:: ACTIVITY ::
Transcribe word for word the lines below from the line with "1. Salonik jedwabny" through the line with "Jacek Królewski Centralne", ends included.

:: GIVEN INFORMATION ::
_ _ _ _ _ _ _

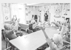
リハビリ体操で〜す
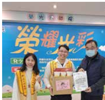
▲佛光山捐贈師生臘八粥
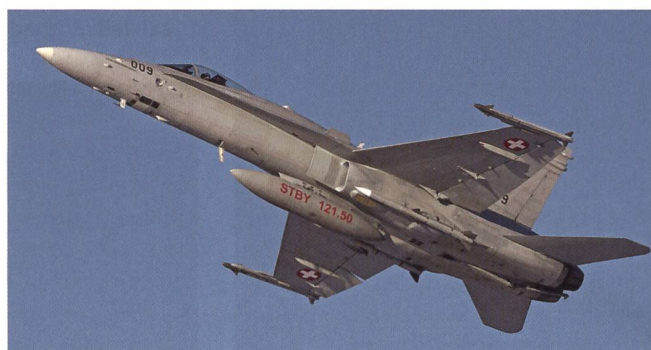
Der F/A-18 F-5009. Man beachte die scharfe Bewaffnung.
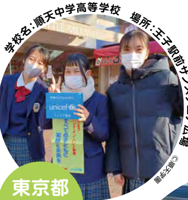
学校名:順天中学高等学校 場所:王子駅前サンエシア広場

_ _ _ _ _ _ _

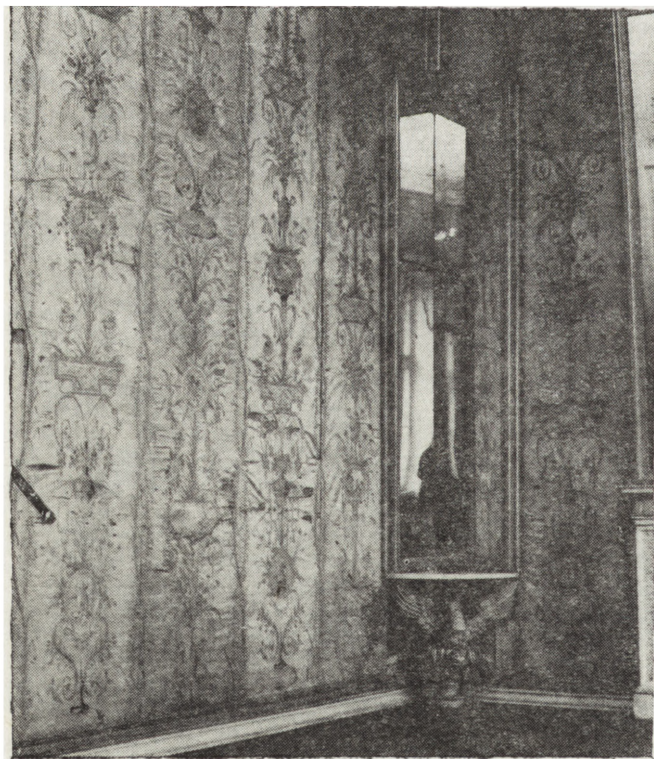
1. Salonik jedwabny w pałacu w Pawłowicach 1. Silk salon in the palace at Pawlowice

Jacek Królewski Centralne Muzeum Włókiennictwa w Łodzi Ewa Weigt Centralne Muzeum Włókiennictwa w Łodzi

_ _ _ _ _ _ _

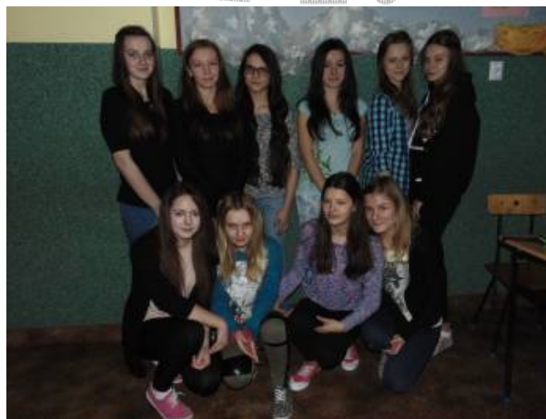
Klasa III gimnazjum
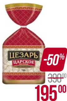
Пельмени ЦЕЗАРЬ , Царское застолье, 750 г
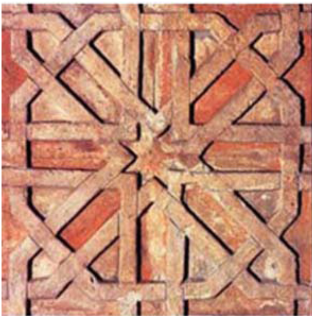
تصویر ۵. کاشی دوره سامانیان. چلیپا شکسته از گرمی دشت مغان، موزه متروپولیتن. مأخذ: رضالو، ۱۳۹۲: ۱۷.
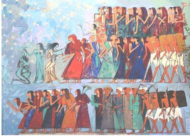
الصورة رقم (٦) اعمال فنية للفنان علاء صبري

_ _ _ _ _ _ _

:: RESPONSE ::
1. Salonik jedwabny w pałacu w Pawłowicach 1. Silk salon in the palace at Pawlowice

Jacek Królewski Centralne Muzeum Włókiennictwa w Łodzi Ewa Weigt Centralne Muzeum Włókiennictwa w Łodzi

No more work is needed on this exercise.